> What this task involves: Give the data below again exactly as it stands. Omit the pictures.

> Information shown:
=== Section Start ===

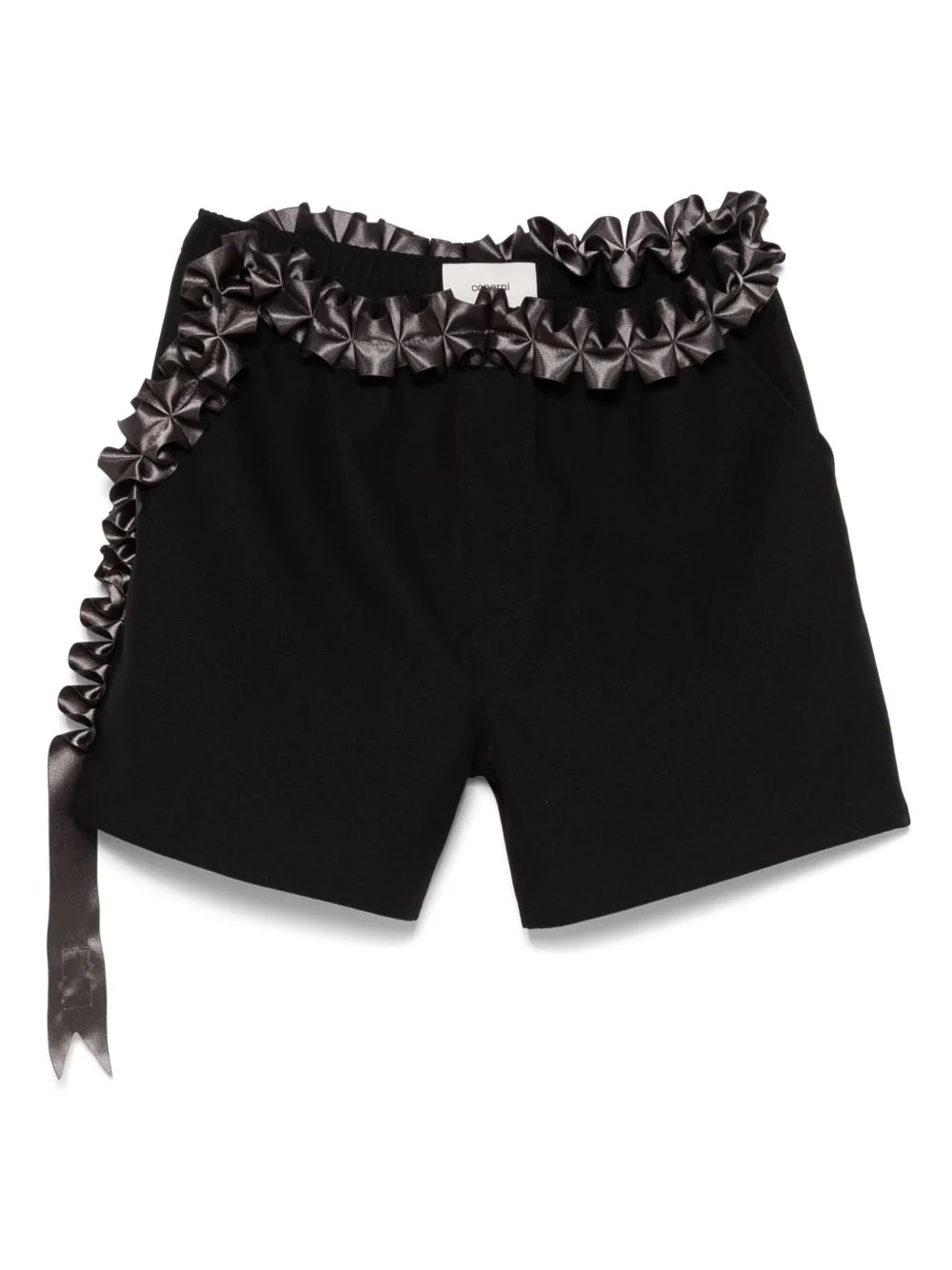 tailored shorts Highlights - Black - Elasticated waistband - Two diagonal pockets to the sides - Ruffled trim Imported Composition Recycled Polyester 100% SIZE & FIT Model measurements Height 5 ft 10 in(1.78 m) Bust/Chest 33.46 in(85 cm) Hips 36.22 in(92 cm) Waist 23.22 in(59 cm) FittingInformation Designed for a loose fit, offering comfort and movement when worn The elasticated waist allows for a comfortable fit Made from a midweight non-stretch fabric
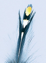 ウェットフライのウイング、ストリーマーのウイング材として使います。個人的には、テレストリアルのレッグなどにも多用しています。数本を束ねてボディに巻くと、ハールと違う輝きがあり、かなりコガネムシっぽい感じです。有名なパターンはアレキサンダー |
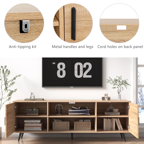 Easy to Assemble: The wide TV stand measures 70 x 15.7 x 24.5 inches, which comes with detailed instructions and all hardware needed for installation so that you can easily assemble it by yourself.
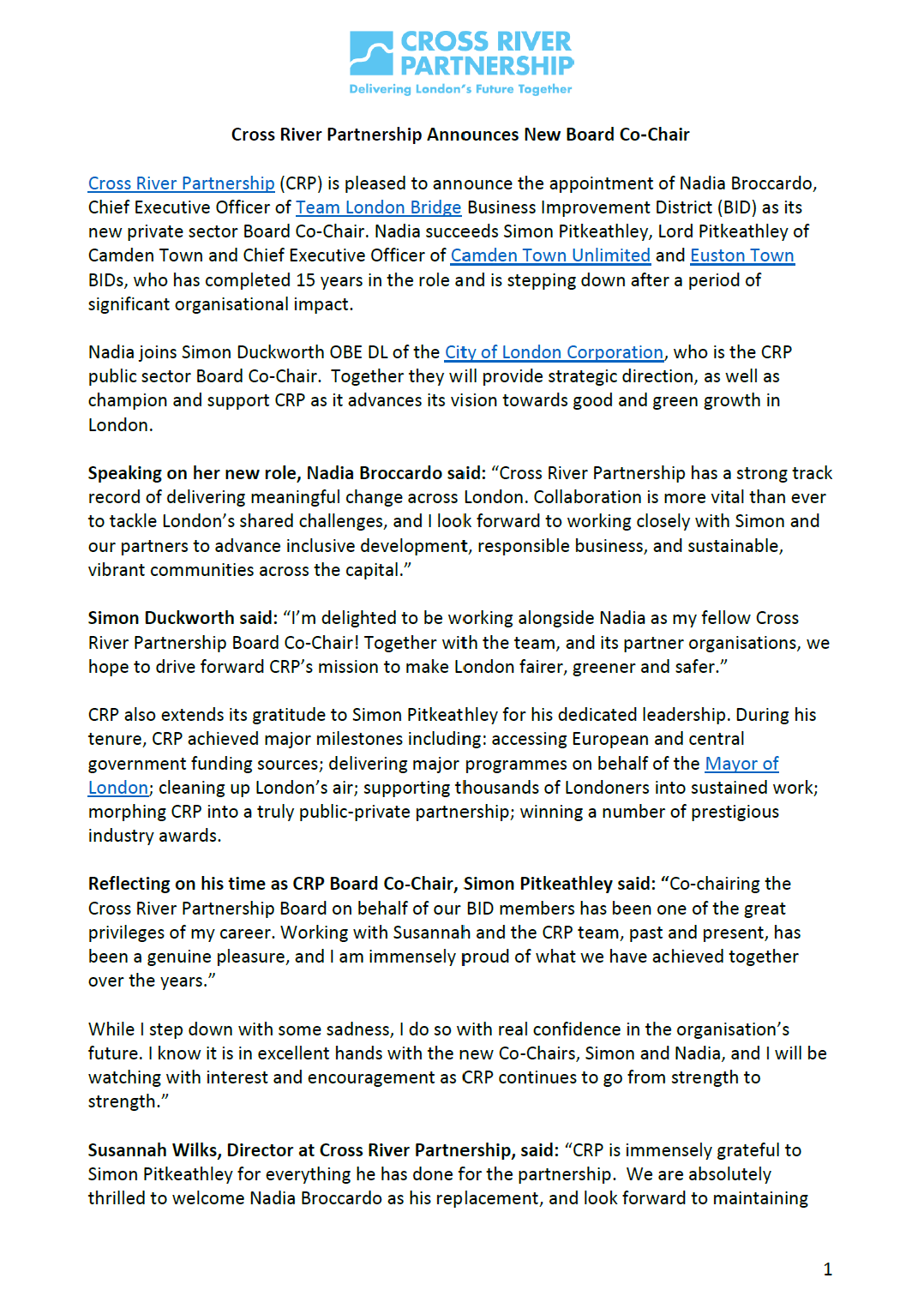 PRESS: CRP Welcomes New Board Co-Chair January 2026

=== Section End ===

> Result for this task:
 tailored shorts Highlights - Black - Elasticated waistband - Two diagonal pockets to the sides - Ruffled trim Imported Composition Recycled Polyester 100% SIZE & FIT Model measurements Height 5 ft 10 in(1.78 m) Bust/Chest 33.46 in(85 cm) Hips 36.22 in(92 cm) Waist 23.22 in(59 cm) FittingInformation Designed for a loose fit, offering comfort and movement when worn The elasticated waist allows for a comfortable fit Made from a midweight non-stretch fabric
 ウェットフライのウイング、ストリーマーのウイング材として使います。個人的には、テレストリアルのレッグなどにも多用しています。数本を束ねてボディに巻くと、ハールと違う輝きがあり、かなりコガネムシっぽい感じです。有名なパターンはアレキサンダー |
 Easy to Assemble: The wide TV stand measures 70 x 15.7 x 24.5 inches, which comes with detailed instructions and all hardware needed for installation so that you can easily assemble it by yourself.
 PRESS: CRP Welcomes New Board Co-Chair January 2026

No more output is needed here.